Calcium stones are the most common and comprise 70% of all stones. They consist of calcium oxalate or a mixture with calcium phosphate. Hypercalciuria, hypercalcemia and hyperoxaluria are common causes of these stones.
Struvite stones make up 5-10% of the stones. They consist of magnesium ammonium phosphate. These commonly form as a result of proteus infections and lead to the formation of very large "staghorn" stones.
Trick uric acid stones 5-10% stones. These occur in patients with hyperuricemia, such as taste and chronic leukemia.
The rest is cysteine, which is due to reduced renal reabsorption of amino acids such as cystine.

Diagnosis can be made on the basis of history and examination.
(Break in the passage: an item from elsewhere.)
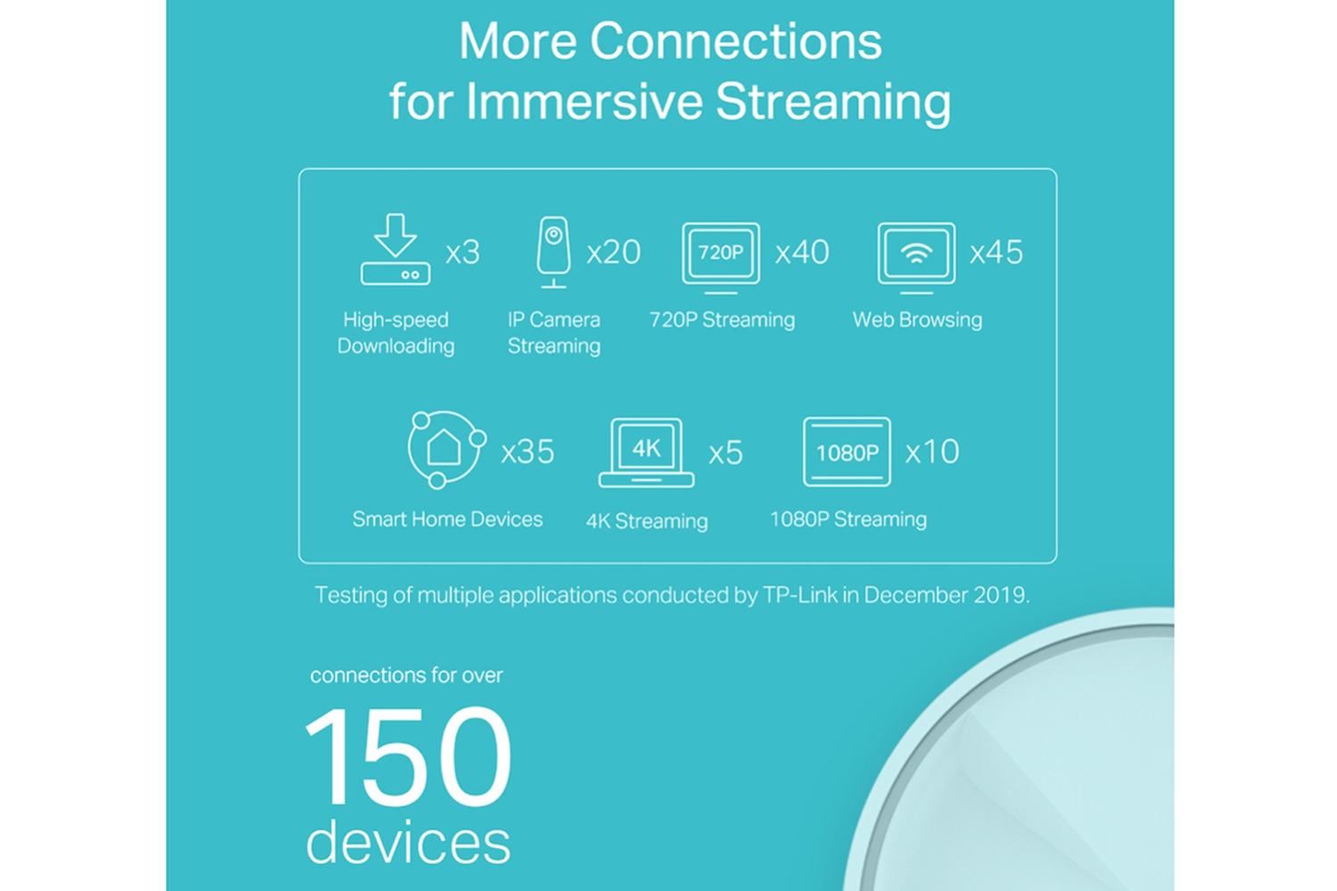 Enjoy a more efficient network with 4× the average throughput on connected devices in dense environments thanks to Wi-Fi 6 technology. Deco X20 is tested to connect over 150 devices without dragging down performance.

Radiological tools frequently used to aid diagnosis include CT scan without contrast medium or ultrasound of the kidneys and bladder. Less commonly used imaging methods include abdominal radiography, intravenous pyelogram, and MRI.
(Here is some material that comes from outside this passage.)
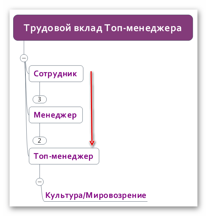 Топ-менеджер (он же и сотрудник, не так ли?) берет от обычного сотрудника три составляющие успеха, от менеджера добавляет еще две, и, наконец, топ-успех определяется еще всего одной, шестой составляющей — культуры/мировоззрения как совокупности взглядов и убеждений.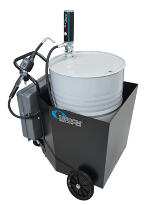Consists of an oil pump 22815, hose reel 10m 26432 with hose end meter 20371 and drum trolley 28392. The drum is placed on an safety trolley which means that if the drum were to start leaking, there will be no spillage on the floor or ground. When there is no area to normally park ordinary drum trolleys at the end of the day, this is the ideal solution. Perfect for service in the field in construction-, miningand marine sectors and other sensitive environments.

If untreated kidney damage and failure from progressive obstruction. Kidney stones also predispose patients to infection secondary to the obstruction and the trauma they cause. Treatment in acute patients includes supportive treatment to allow passage of the stone. Medical treatment used includes analgesia, commonly NSAIDs and opioids, and agents to promote stone passage, such as alpha-blockers, calcium channel blockers, and antispastics. Surgery may be necessary if there are serious complications from stones or if the stone is large and cannot be expelled with conservative treatment. Surgical interventions include lithotripsy (using laser or electricity), laparoscopic stone removal, or percutaneous stone removal. Rarely, open surgery is required.

.

What advantages does the Monash University anatomical dissection collection offer over plastic models or plastinated human specimens?

  • Each body replica has been carefully created from selected patient X-ray data or human cadaver specimens selected by a highly trained team of anatomists at the Monash University Center for Human Anatomy Education to illustrate a range of clinically important areas of anatomy with a quality and fidelity that cannot be achieved with conventional anatomical models-this is real anatomy, not stylized anatomy.
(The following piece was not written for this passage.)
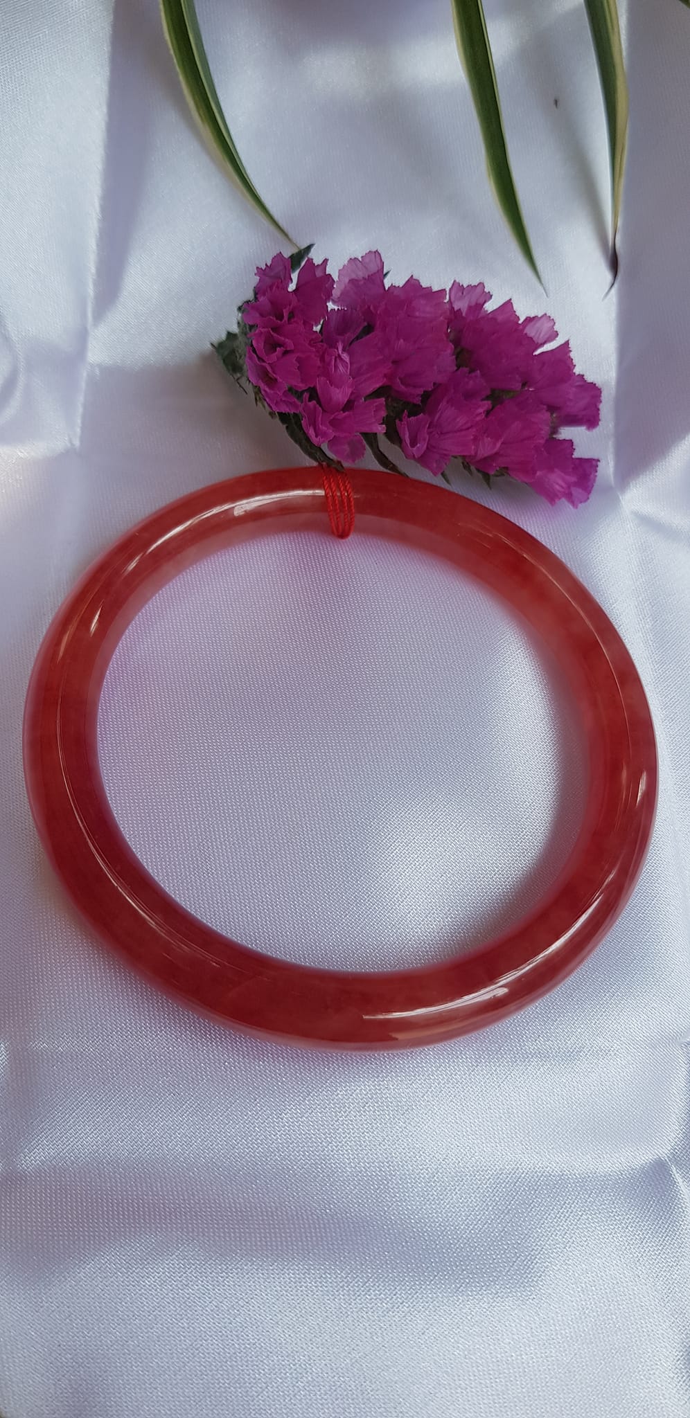 Vòng Cẩm Thạch Đỏ Đẹp A Ni 52mm x chột 7,8mm màu đỏ bông tươi sáng bóng đẹp nữ 52kg - 56kg đeo mệnh hỏa mệnh thổ đeo xuất sắc đẹp món quà tặng ý

  • Each body replica has been rigorously checked by a team of highly trained anatomists at the Center for Human Anatomy Education, Monash University, to ensure the anatomical accuracy of the final product.
  • The body replicas are not real human tissue and therefore not subject to any barriers of transportation, import, or use in educational facilities that do not hold an anatomy license. The Monash 3D Anatomy dissection series avoids these and other ethical issues that are raised when dealing with plastinated human remains.